Dans la vraie vie, les journalistes scientifiques se font rares et n'ont pas toujours une place de premier plan dans leur publication ou leur réseau. Sophie Malavoy, qui a été rédactrice en chef de la revue Interface pendant 14 ans et qui coordonne aujourd'hui une émission scientifique hebdomadaire à Télé-Québec, est venue témoigner de la différence entre les mondes universitaire et journalistique.

"Les chercheurs réalisent de plus en plus l'importance de se tourner vers les médias pour faire connaître leurs travaux. Pourtant, les règles pour communiquer avec le public sont différentes de celles qu'ils utilisent pour dialoguer avec leurs pairs. Je m'étonne toujours de constater que ces habiletés de communication ne s'enseignent pas. Ni en génie ni en santé. Durant un baccalauréat, les étudiants ne suivent aucun cours sur la vulgarisation scientifique."

Pour Serge Rossignol, les services de communication des universités ont un rôle à jouer à ce chapitre. Il rêve d'une "ligne 9-1-1" qui donnerait accès aux services de professionnels capables d'organiser rapidement une conférence de presse ou une opération ciblée auprès des journalistes.

Jean-Luc Malo critique les pairs
Cela dit, la diffusion de la recherche commence par la publication d'articles dans des revues dont la qualité du contenu est assurée par un comité de pairs. Pour être publié, un article doit généralement recevoir une approbation de deux des trois membres du comité. Leur travail est-il sans faille? Certainement pas, répond Jean-Luc Malo, vice-doyen à la recherche à la Faculté de médecine, qui a fait une recherche sur la question.
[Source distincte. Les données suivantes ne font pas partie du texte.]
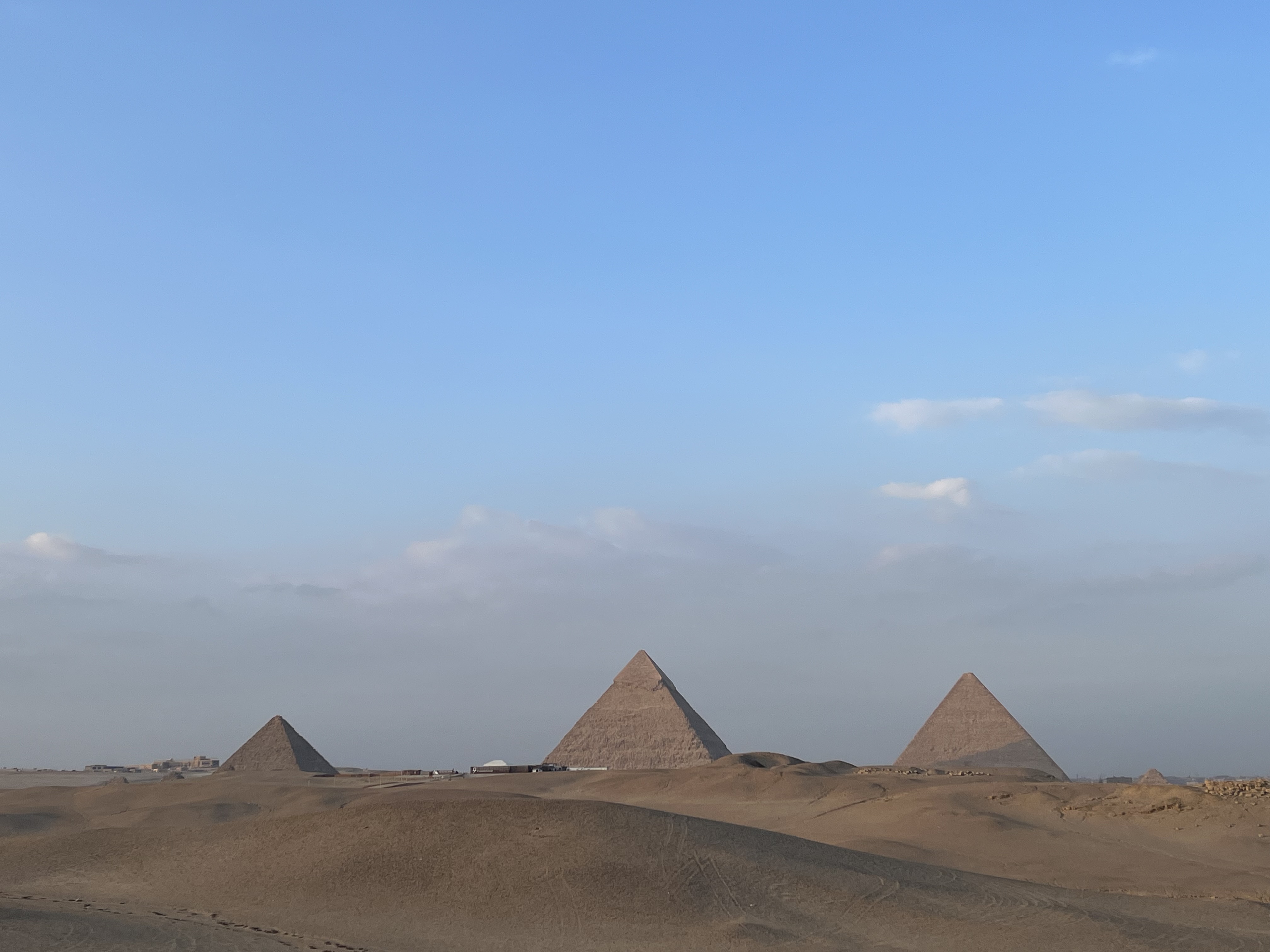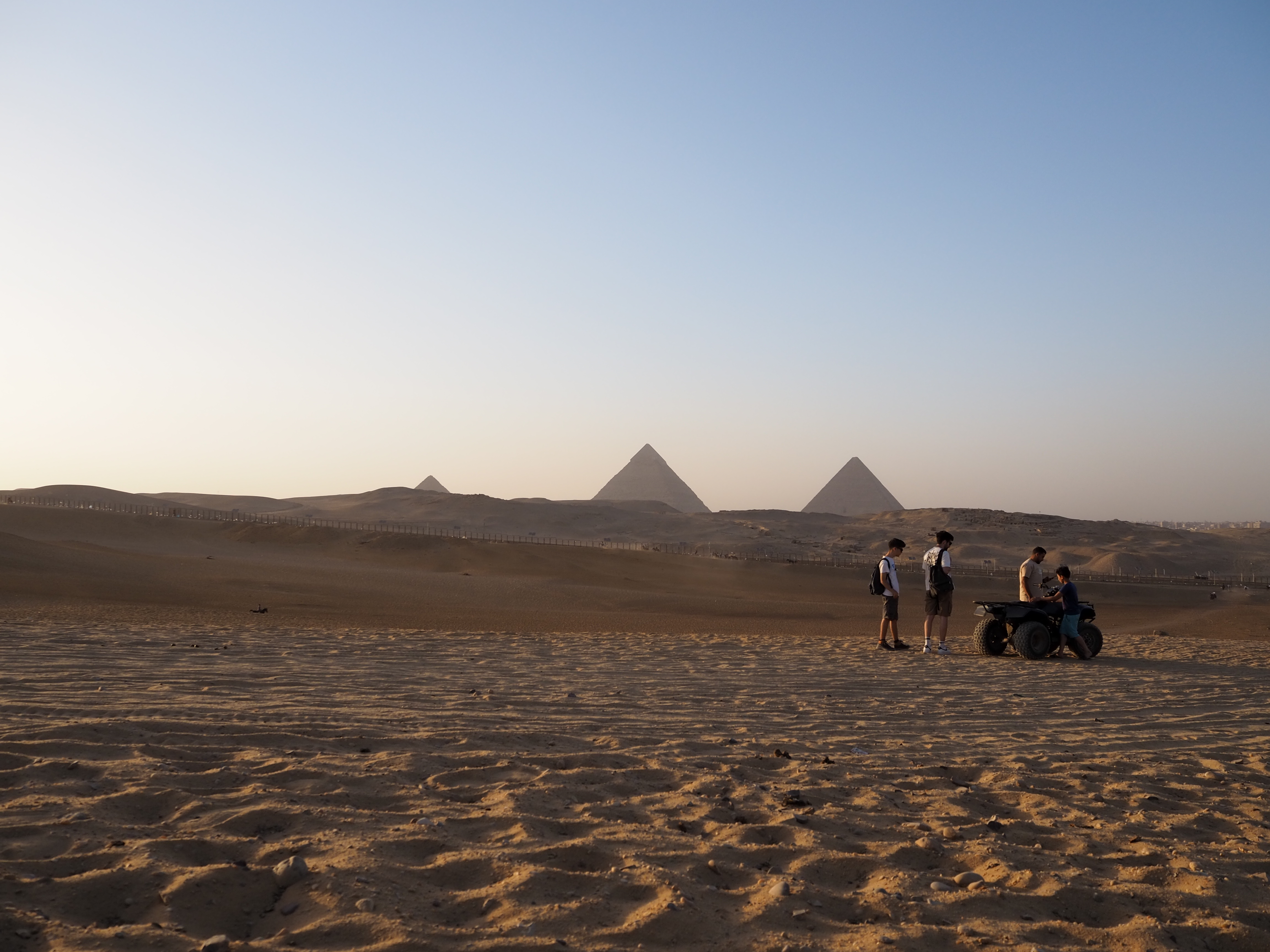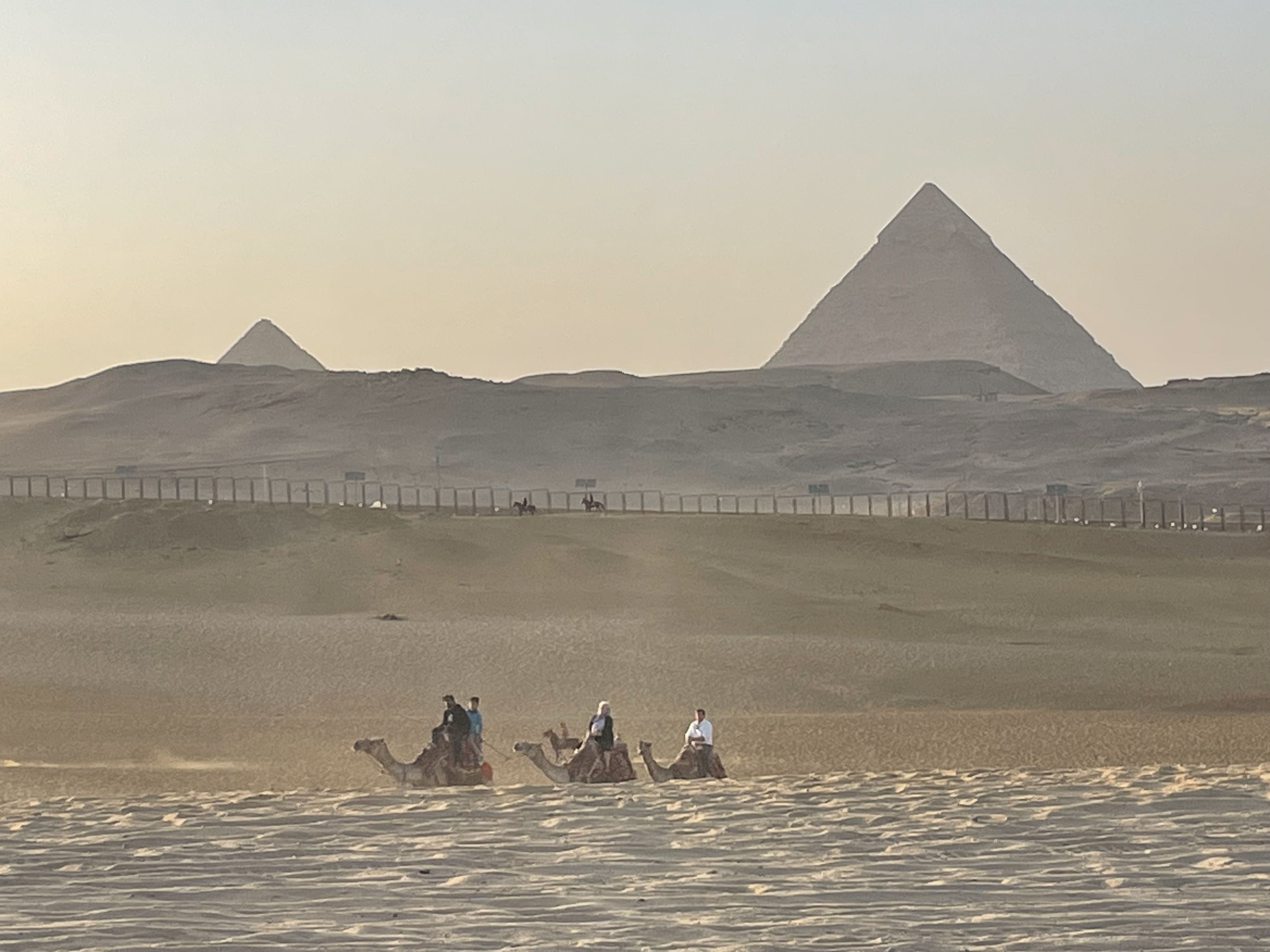 砂漠の入り口辺りからピラミッドが三基見えるあたりまでラクダに乗り砂丘を登りました。

"Selon une étude que j'ai consultée, à peine 36% des articles inventoriés ont donné lieu à un accord parfait entre les trois responsables de l'approbation des articles. Dans les autres cas, au moins un arbitre était en opposition avec ses collègues."
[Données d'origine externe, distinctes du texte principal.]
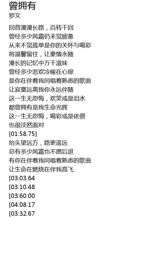 | [03:41.99][03:03.64] | 这一生无怨悔,欢笑或是泪水 |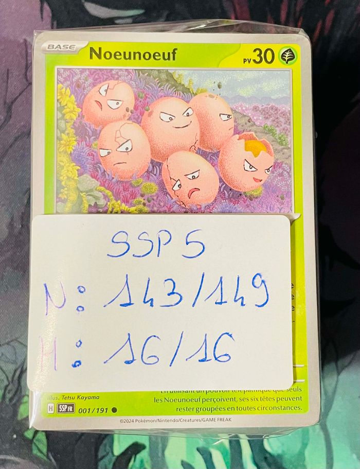 Bonjour, Je vends un lot de 159 cartes Pokémon issu de la série Etincelles Déferlantes (SSP) du bloc Ecarlate et Violet, idéal pour compléter une collection. 🔹 État et détails : • Cartes triées et rangées dans l’ordre chronologique • Excellent état • Cartes françaises et officielles 📦 Contenu du lot : • 143 cartes normales (143/149 existantes, il manque uniquement les n° 23, 94, 143, 146, 156, 190) • 16 cartes Holos (16/16 existantes) 💰 Prix du lot : 16 € ✨ Informations complémentaires : • Beaucoup d’autres lots disponibles pour cette série et pour d’autres séries • Possibilité d’acheter des cartes Reverse à l’unité selon vos besoins 📍 Remise en main propre possible sur Versailles 📦 Envoi possible 👉 N’hésitez pas à regarder mes autres annonces afin de constituer des lots plus conséquents. Cordialement,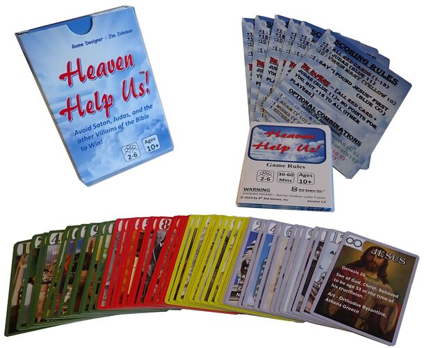 Heaven Help Us! - Family-Friendly Game with a Bible Theme. It's is a bible spin-off of the old card game Hearts with some new twists. The goal of the game is to be the player with the lowest score at the end of the game. Easy to learn, competitive, medium strategy card game. Ages 10+ Cards are beautiful pictures of artwork of the Apostles, Villains...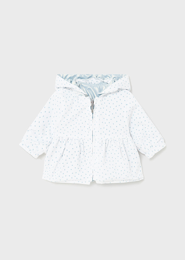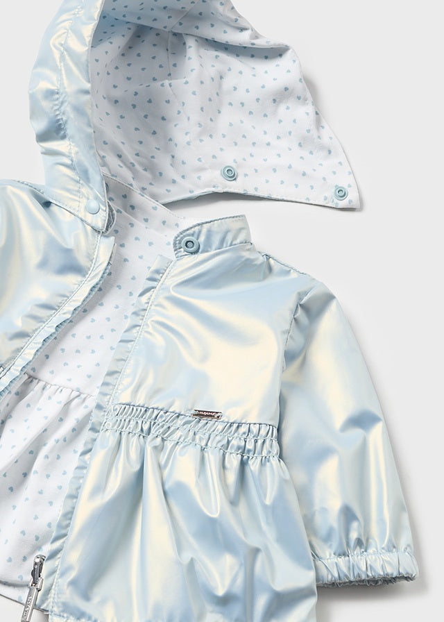 Cortaviento reversible con capucha demontable.Color Celeste y blanco.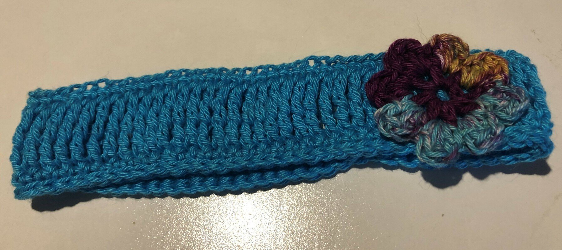 Dieses niedliche Stirnband ist im Nu gehäkelt und man benötigt nur ein paar Garnreste.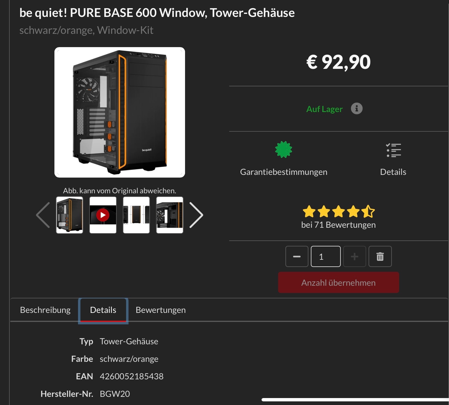 Gehäuse: Das be quiet! Pure Base 600 sah ganz schick aus. Ich weiß aber nicht, ob der CPU Kühler da rein passt? Ansonsten bin ich da ganz offen.
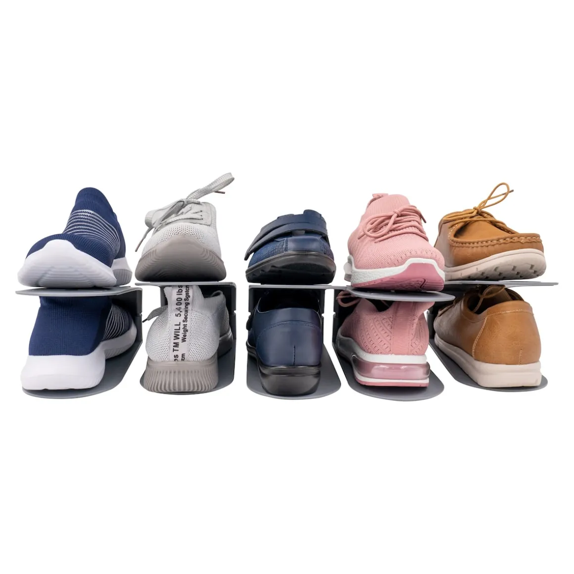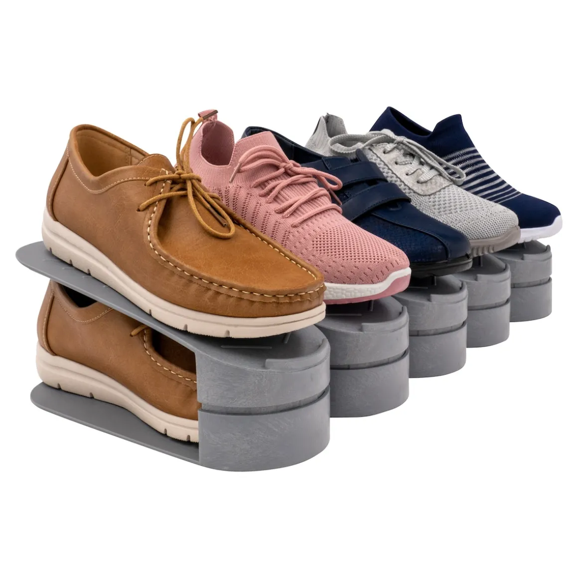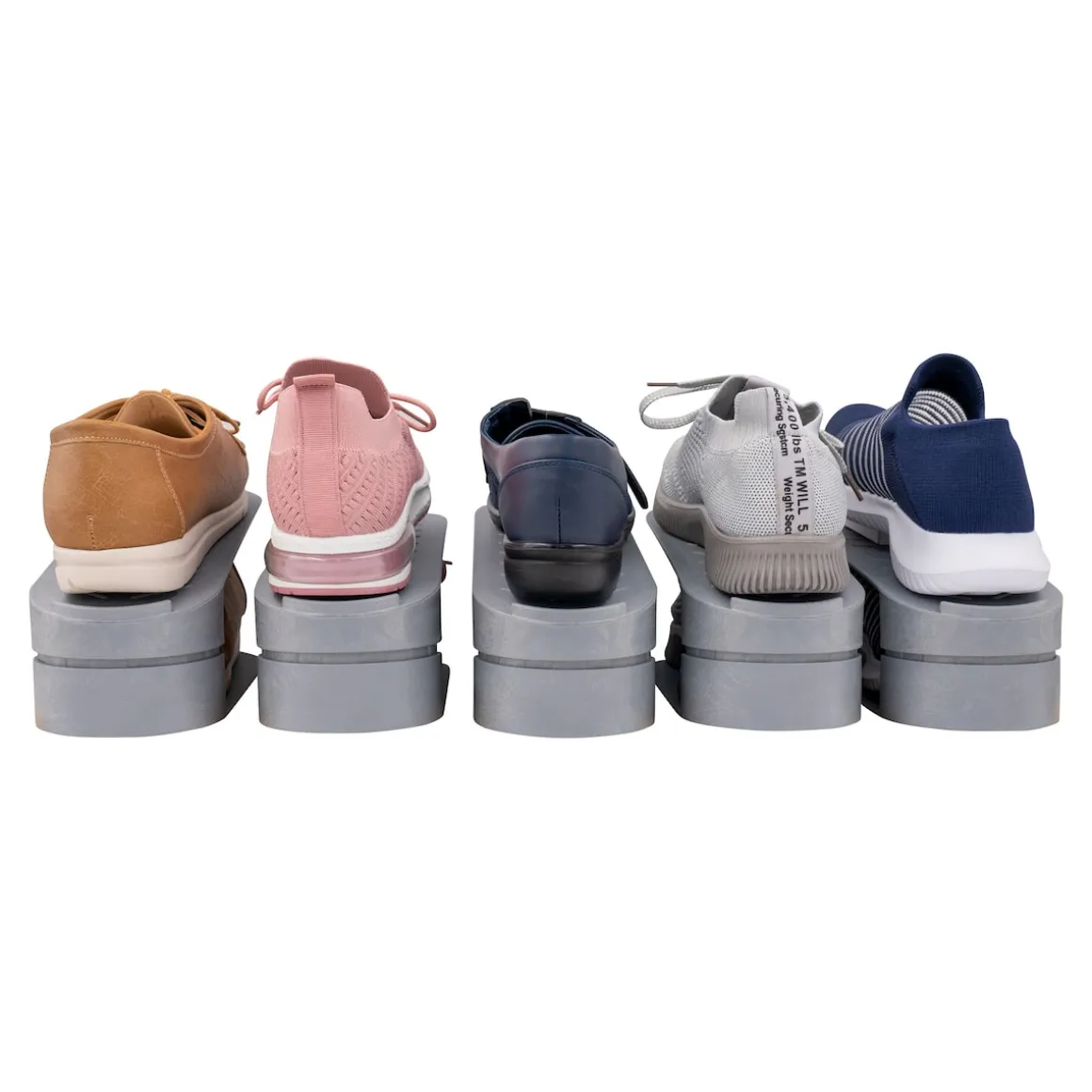 Mit diesen Schuhstaplern sparen Sie nicht nur Platz, sondern sorgen auch ganz einfach dafür, dass Ihre Schuhe sauber bleiben. Die Schuhe werden übereinander gestapelt und sind somit voneinander getrennt. Schmutz kann nicht mehr von den Sohlen auf andere Schuhe fallen und nichts wird mehr eingedrückt.

Pire encore, une enquête du British Journal of Medicine auprès de 420 "pairs" a révélé leur incapacité à souligner les huit écueils contenus dans un article qui leur avait été soumis. "La compilation des 221 réponses obtenues a montré qu'aucun expert n'avait découvert plus de quatre écueils. La moyenne était de deux écueils."
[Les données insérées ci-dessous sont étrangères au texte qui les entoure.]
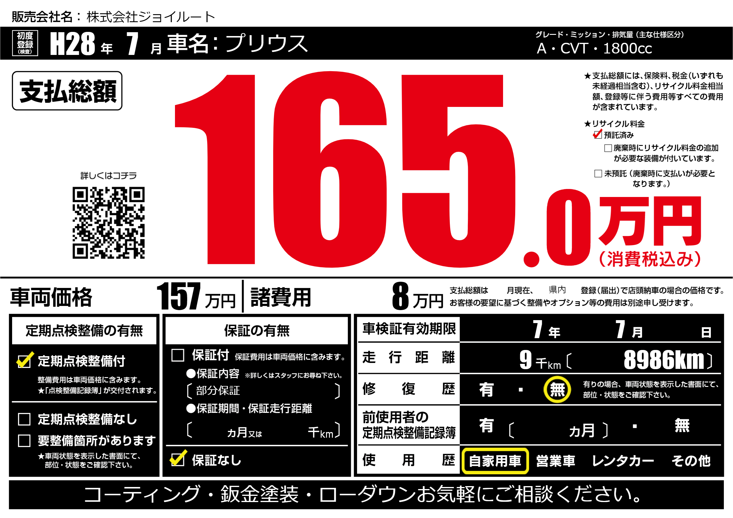 | 車名 | プリウス | グレード ミッション 排気量 |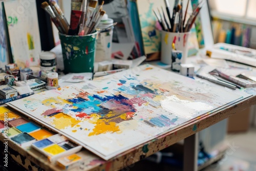A cluttered desk with a mood board in progress, featuring magazine clippings, paint swatches, and design elements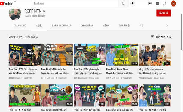 Kênh RGFF NTN chính thức đạt 1 triệu sub chỉ trong vòng 6 tháng.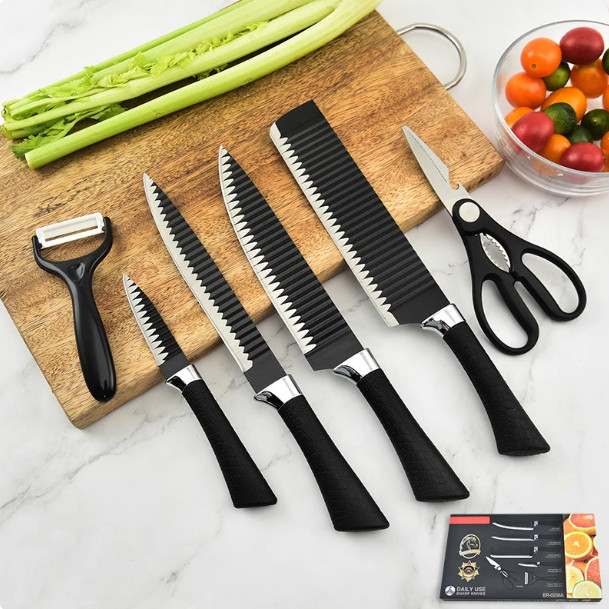 Catalogado na subcategoria Facas e Tesouras de Cozinha (de Casa e Construção), Jogo De Facas de Cozinha Designer Moderno Cabo Preto Laminas Aço Inoxidável 6pçs Cor Preto está à venda na Shopee Brasil por R$ 20,90 (47% de desconto sobre o preço original de R$ 39,43). Nota 5.0 de 5 na Shopee e 1 unidade vendida, este produto se destaca pelo excelente custo-benefício.

Troublant. Mais ce n'est pas tout. Le travail des membres de ces comités de lecture est souvent effectué en vitesse, sur des formulaires qui ne laissent pas de place à l'explication. On coche une des cases suivantes: "Accepted as it is", "Accepted with minor revision", "Accepted with major revision" ou "Rejected". Dans ce dernier cas, l'économie d'explications peut durement affecter l'auteur. "Les grands noms ne sont pas toujours les meilleurs arbitres, signale Jean-Luc Malo. Leurs réponses sont courtes et cinglantes. Cela n'aide pas."

Sommes-nous pris avec le moins mauvais des systèmes? "Je le crois, dit le vice-doyen. Mais on peut chercher à l'améliorer."